Sleeping With Pengovsky writes – here and here – about this past Sunday's referendum on the Arbitration Agreement between Slovenia and Croatia; posts Part 3, Part 4 and Part 5 of The Definitive Guide to the Arbitrage Agreement Between Slovenia and Croatia (links to the earlier installments are here); and notes that “the Arbitration Agreement can (not necessarily will) become a model for solving similar disputes in the region.” More background on the Sunday's referendum – at ESI's Rumeli Observer.
Worldwide Facebook statistics – at Facebakers.com: in Central & Eastern Europe, the Czech Republic has most users – 2,634,300 people, the country's overall ranking is #29, penetration is 25.8%. It is followed by Poland (#31), which has 2,604,440 users, with 6.77% penetration. Serbia (#41) is CEE's #3: 1,997,540 users, penetration is 27.07%. Russia is #56, with 1,112,680 users and penetration of 0.79%.
Balkan Travellers re-posts a Balkan Insight piece about the Italian PM Silvio Berlusconi's comment that “his country would accept only pretty Albanian girls as immigrants.” Belgraded writes about the photoshopped photos of Berlusconi and Slobodan Milosevic: “Fours days after the [doctored] photo was published, Milosevic lost the elections by a close margin.
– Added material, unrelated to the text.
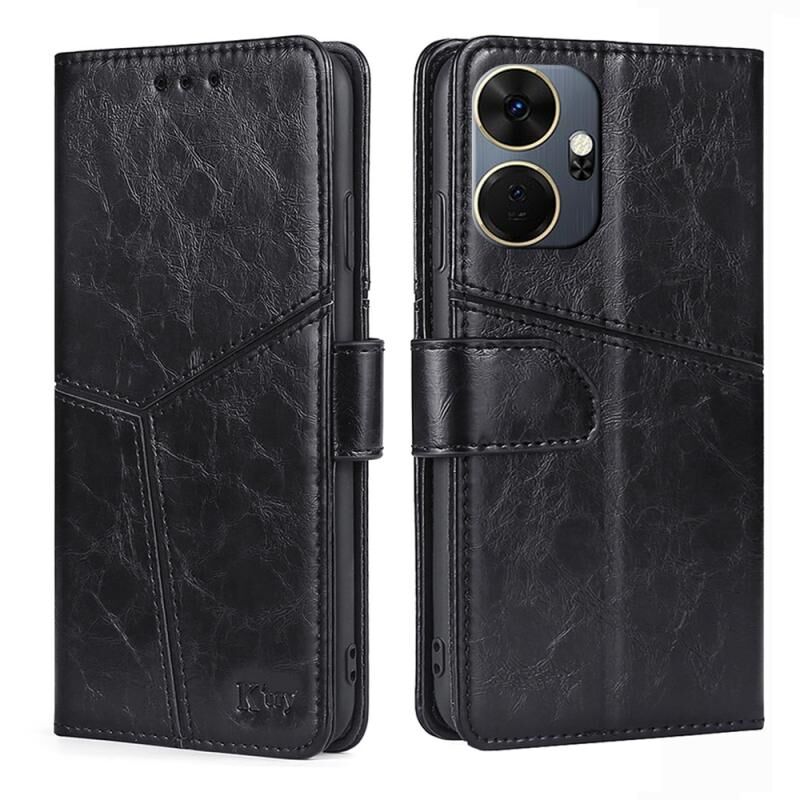 Για Itel P55+ 4G γεωμετρική ραφή δερμάτινη θήκη τηλεφώνου (μαύρο)
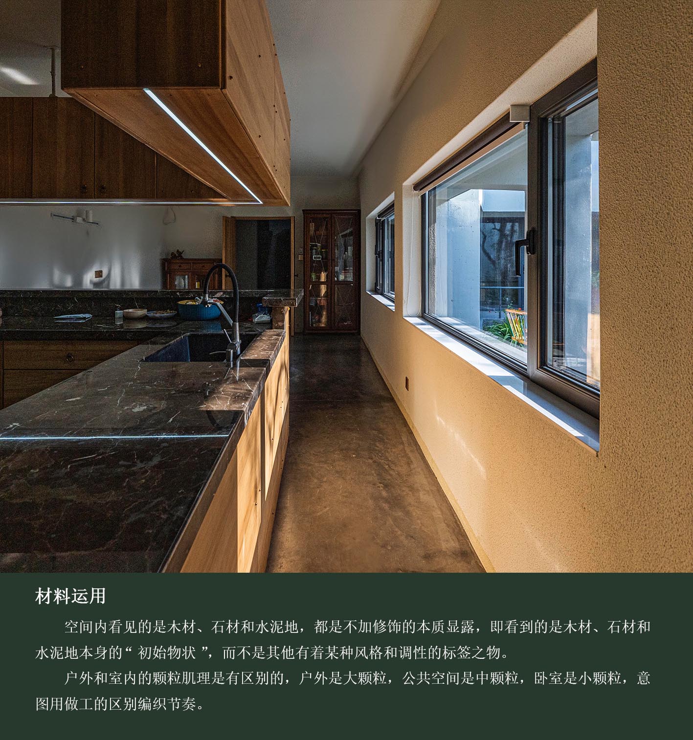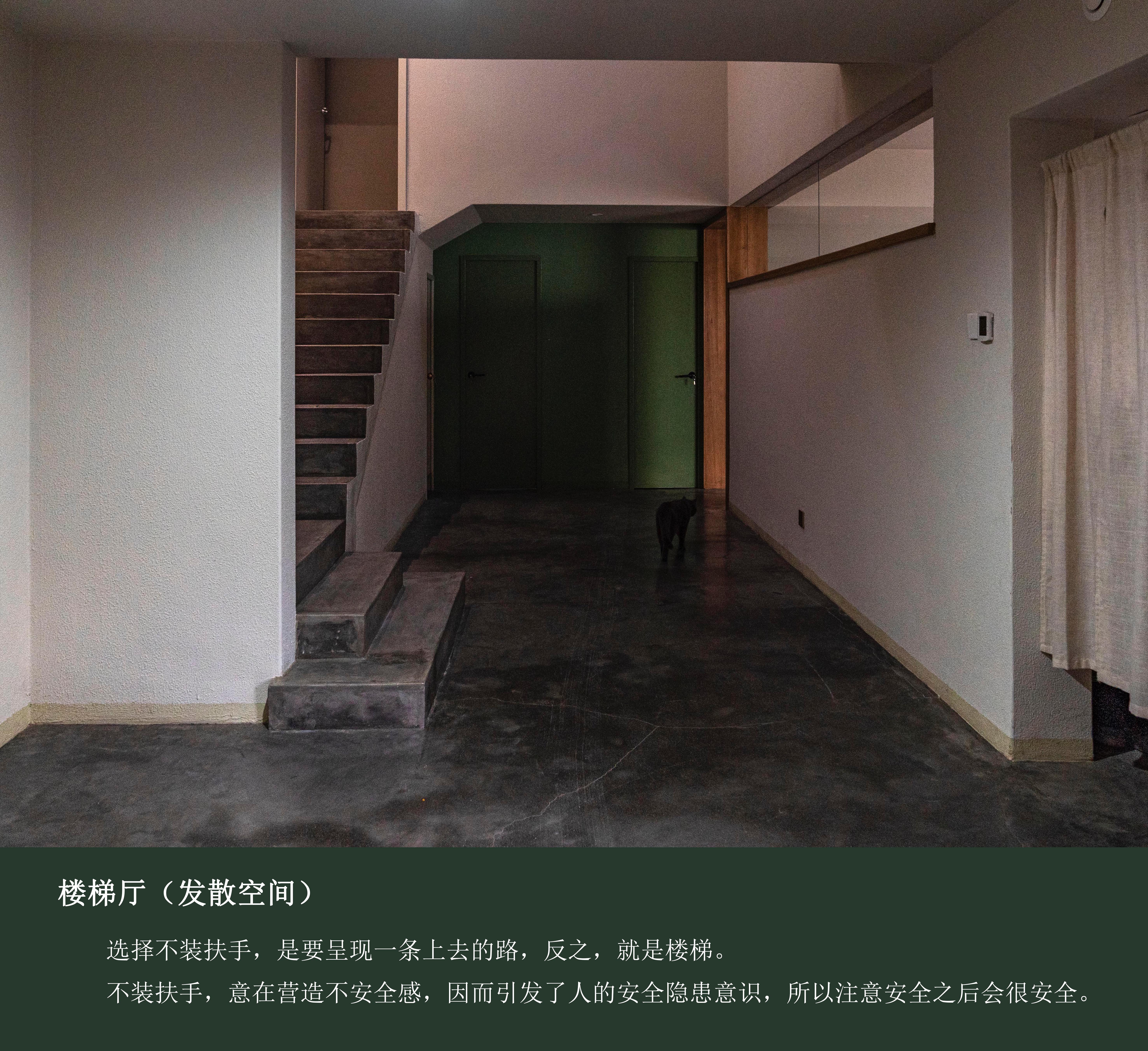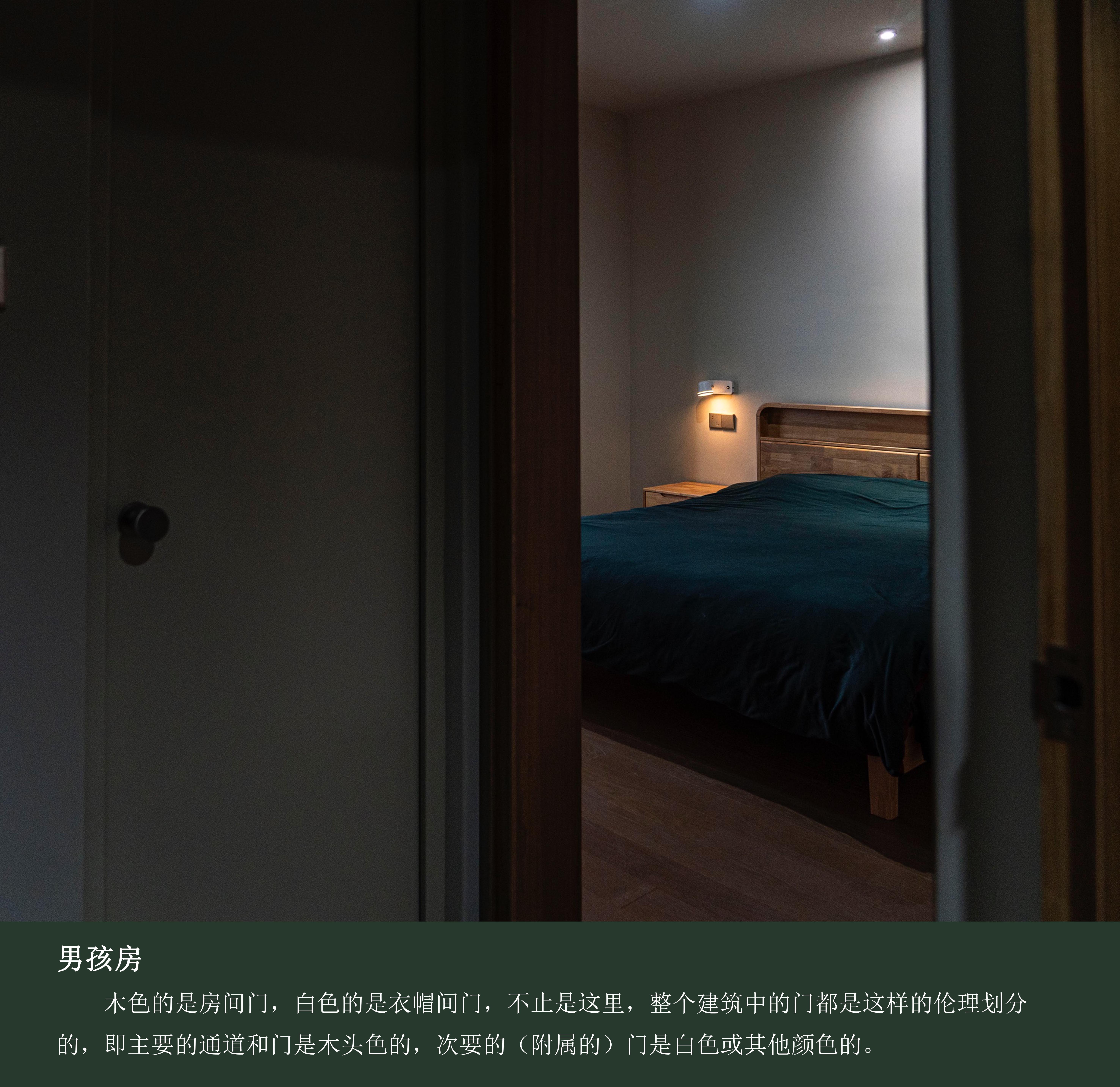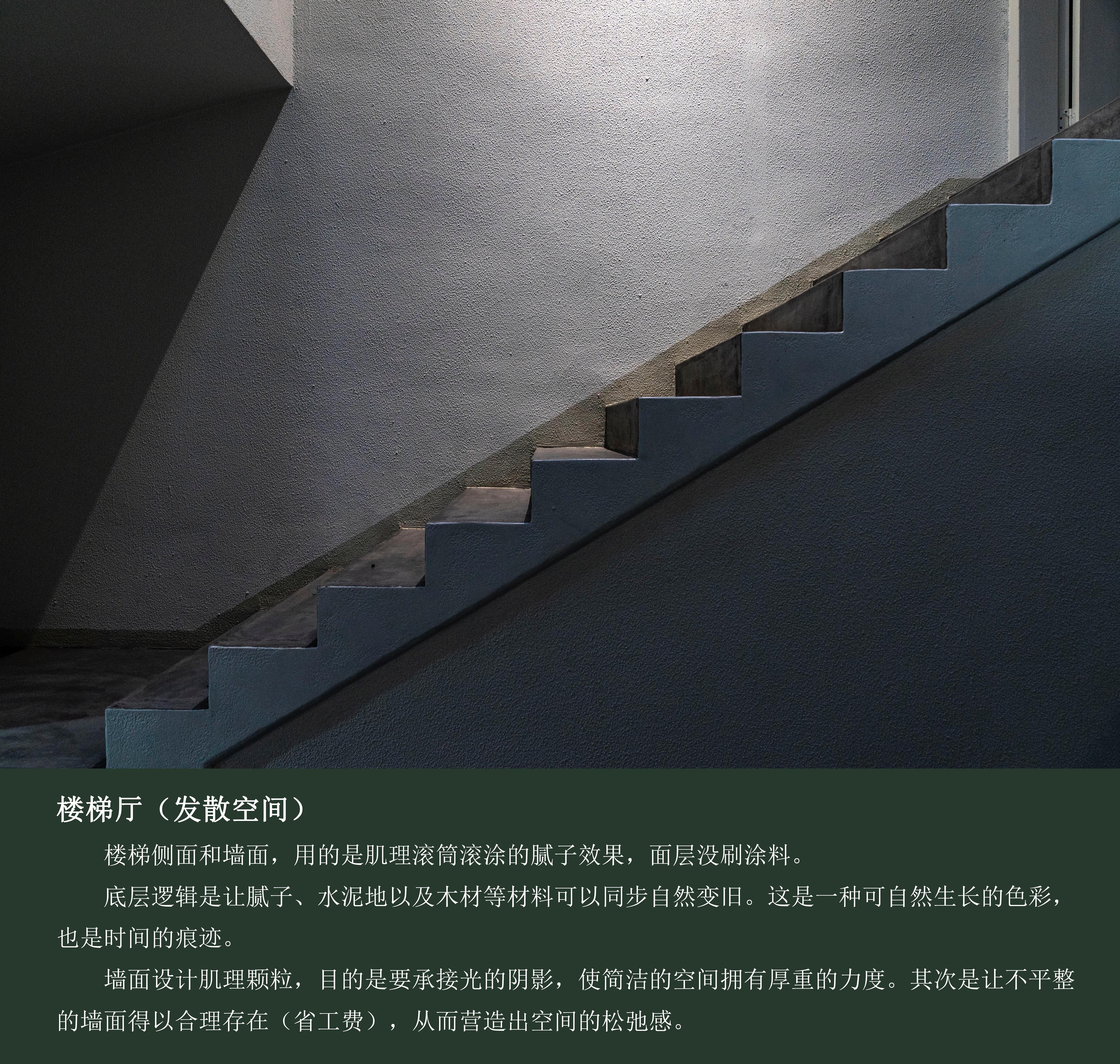 4,关于色彩:有色涂料的运用,目的不是好看,意在功能性的空间界面划分,连同其他材料的色泽共同赋予空间色彩(非颜色属性)。也可以通过不同材质的颜色来定义等级秩序,比如木本色的门(门套)关联的是主空间,白色的门则是附属空间,肌理腻子没刷乳胶漆,原因是腻子有自然黄变的特质,这种自然的旧色是可贵的,他们和水泥以及木材的同步老化,是美妙的时间痕迹,这些都是有生命力的空间色彩。

Maybe it will be the same for Berlusconi, who is probably the politician with the biggest resemblance to Milosevic-style politics in European Union today.”
A Nevada Yankee in King Zog's Court writes that “Albanians are so poor at giving directions that it's easier just to take the lost soul directly to his destination than it is to give directions.”
Albanian Blogger recommends scholar Robert Elsie's work to those interested in the Albanian language and literature.
Albanian Blogger links to an article about the former Albanian dictator Enver Hoxha, which appeared in the Guardian: “Also the picture of the statue of the dictator in the main square, which was pulled down by protesters about 19 years ago brings back memories for me. I was very young then, but I did witness the event at less than 100 meters from it.”
Stepping Stones describes an accidental stopover at a honey-processing place located on a beautiful lake in southern Albania.
A Fistful of Euros writes about “the first generation of post-Communist leaders”: “Well, here’s a question: almost 20 years later, how many of them are still running things? Not so many.”
More on the new EU visa rules for the Balkans – at A Fistful of Euros.
AriRusila of Blogactiv.eu‘s BalkanPerspective writes that the EU's intention to introduce visa-free travel for some Balkan entities but not others is dividing the region.
Living in Shkoder, Albania learns that kids aren't allowed to play in Albanian parks.
Albanian Blogger comments on the 2009 general elections in Albania.